Craig R. Roach Author Of Simply Electrifying

From my list on creative destruction leads to economic prosperity and national security.

Why am I passionate about this?

The essential feature of democratic capitalism is creative destruction–put simply, constant innovation in the products and services we produce and how we produce them. My book gives a history of electricity and demonstrates the wide-angle lens we must use to fully understand this sort of innovation. The books I recommend here are among the absolute best in this regard. Importantly, in Cold War II, China is challenging America with state capitalism and creative destruction is at the heart of the battle. I have a Ph.D. in Economics and founded a consulting company that assessed new technologies in the energy sector for over 30 years.

Craig's book list on creative destruction leads to economic prosperity and national security

Craig R. Roach Why Craig loves this book

I love this book because of the compelling answer it gives to one of the most fundamental questions: why are some nations rich and others poor?

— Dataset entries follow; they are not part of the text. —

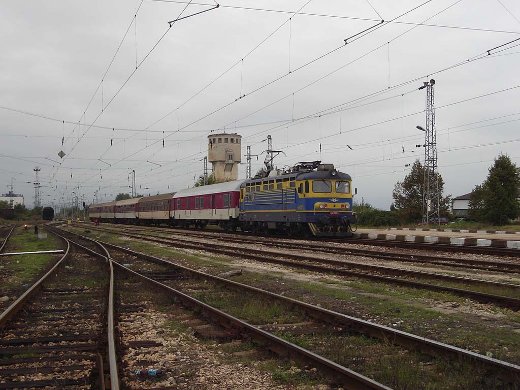 BDZ Electric locomotive 44.001-6 ( home depot Sofia) arrives at railway station Septemvri with fast train Sofia -Poduiane - Iskar - Ihtiman - Kostenec - Belovo - Septemvri - Pazardjik - Plovdiv - Trakia - Belozem - Chirpan - Mihailovo - Stara Zagora - Nova Zagora - Iambol - Zimnica - Straldja - Karnobat - Aitos - Vladimir Pavlov - Burgas BV 8615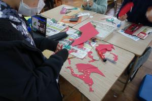 5年生が図工で、「形が動く 絵が動く」という題材で、アニメーションを作ります。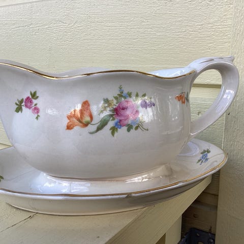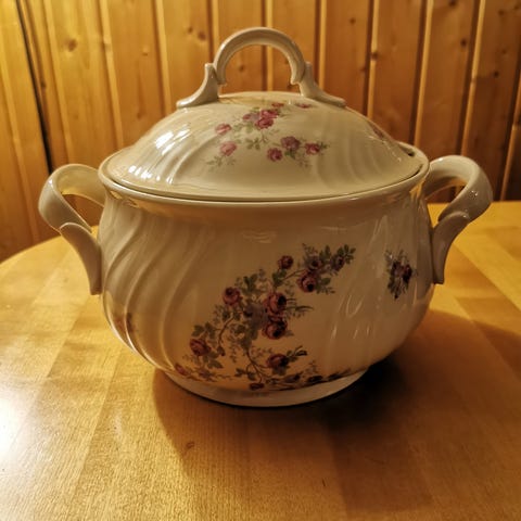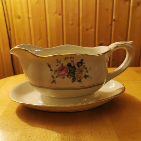 Myydään Arabian Pikkuruusu kastikekaadin. 1940 / 1950 luvulta. Hyvässä kunnossa, ei lohkeamia tai halkeilua. Korkeus 10,5cm, tilavuus 0,4l.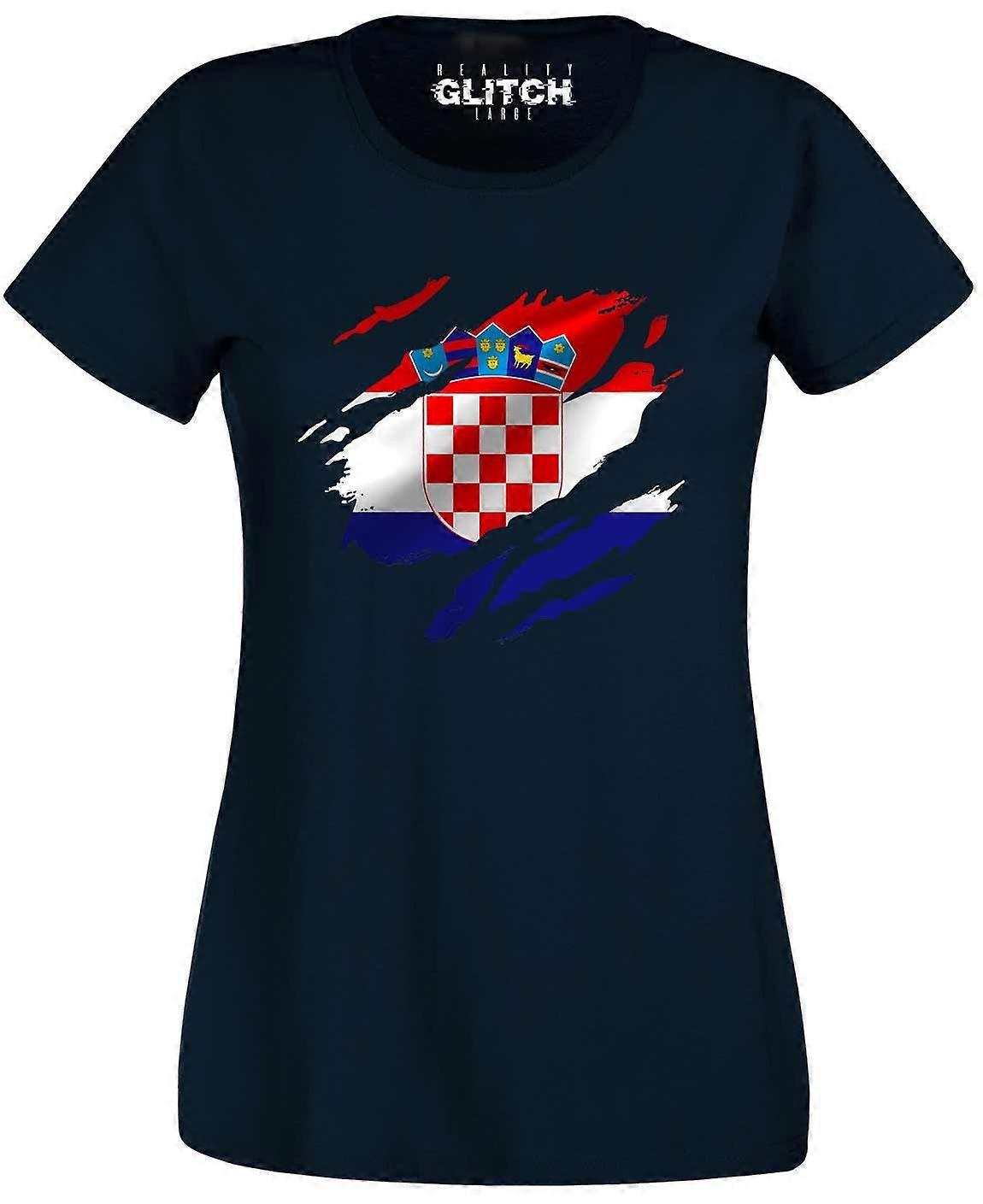Reality Glitch Torn Croatia Flag Womens T-shirt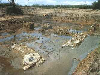 Nel 1972 furono individuate due delle murature, purtroppo spoliate fino alle fondazioni, che correvano parallele fra loro e, all’esterno di queste, un altro muro in fondazione, che indicava forse la presenza di un edificio successivo affiancato al primo.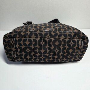 Fossil Purse Brown Black Signature Canvas Tote Shoulder Bag Boho Preppy Travel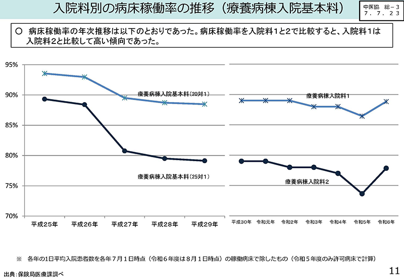 一方、11ページにあるように、入院料2の病床稼働率は、入院料1に比べて1割以上低くなっている。なおかつ、療養病棟においては入院料1も2も、看護配置基準は同じ20対1であることに鑑みると、ただでさえ非常に厳しい経営状況にあることは間違いない。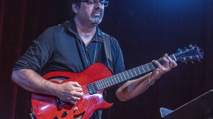 In a sense, not knowing what’s going to come up—being in an almost constant state of experimentation and discovery—is indicative of Abbasi’s overall approach as well, especially as that relates to incorporating Indian-classical concepts into a jazz context. “I wrote a book for Hal Leonard, New Dimensions in Jazz Guitar: Expand Your Improvisatory Consciousness, and I am continually working on the stuff that I wrote because I didn’t master it,” he says. “These are concepts that contain a larger picture of music that takes a lot of evolution to get through. That book talks specifically, among other things, about how Indian music has influenced me on a street level. I didn’t study Indian music, but I’ve heard it so much—I’ve played with so many musicians—that I am allowing my intuition to speak through that.”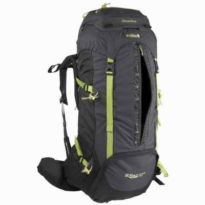 Из дешевых могу порекомендовать Трамовский турист 90. С их литрами как рахз 75 выйдет. Из нормальных рюкзаков с задачей отлично справится татонковский бизон - его хоть на восхождение с собой брать можно. Но есдинственно что из-за супер-мощьных материалов он сам будет весить ~ 3,5 килограмма (тамас или юкон были бы дешевле, но там нет фронтального входа).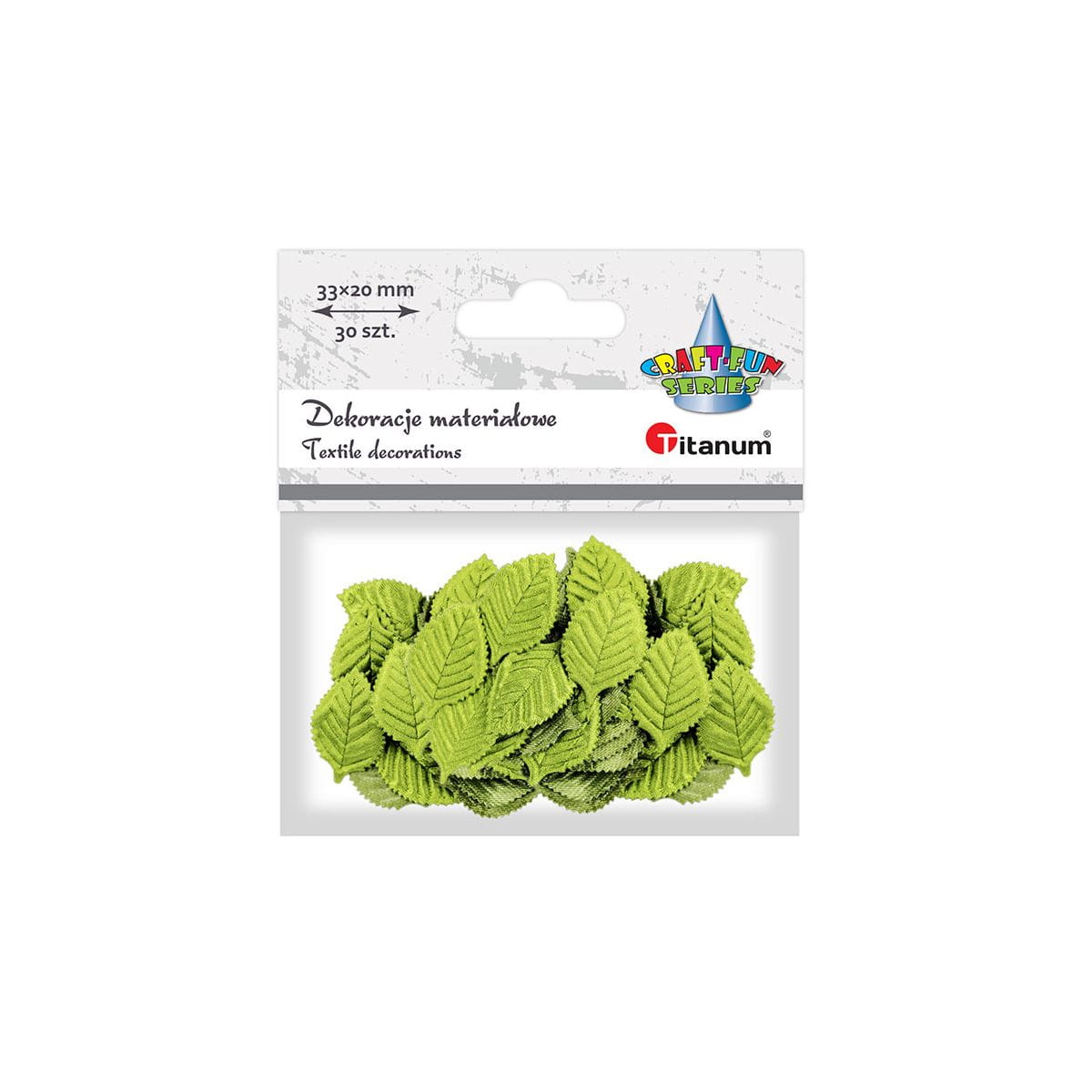Dekoracje materiałowe, kształt: listki, kolor: zielone, wymiary: 33 x 20 mm, 30 szt.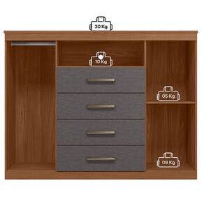 Comoda Havana Master Jatobá Grafite: A Cômoda Havana Master é espaço e funcionalidade para seu quarto: duas portas (uma com cabideiro), quatro gavetas espaçosas e tampo. Pés elevam o móvel facilitando a limpeza e o acabamento traz um toque elegante ao ambiente.

The answer is that it depends on the political and economic institutions in place, with wealth accruing to nations with “inclusive institutions.” Put simply, nations with intellectual and economic freedom are richer.

Why does freedom matter? Because freedom opens the stage to Schumpeter’s creative destruction! The authors prove this, remarkably, through examples from around the globe, and they even use examples thousands of years apart in history. This is a must read to understand the way in which creative destruction drives prosperity both today and historically.

By Daron Acemoglu , James A. Robinson ,

Why should I read it?

4 authors picked Why Nations Fail as one of their favorite books, and they share why you should read it.

What is this book about?

Shortlisted for the Financial Times and Goldman Sachs Business Book of the Year Award 2012.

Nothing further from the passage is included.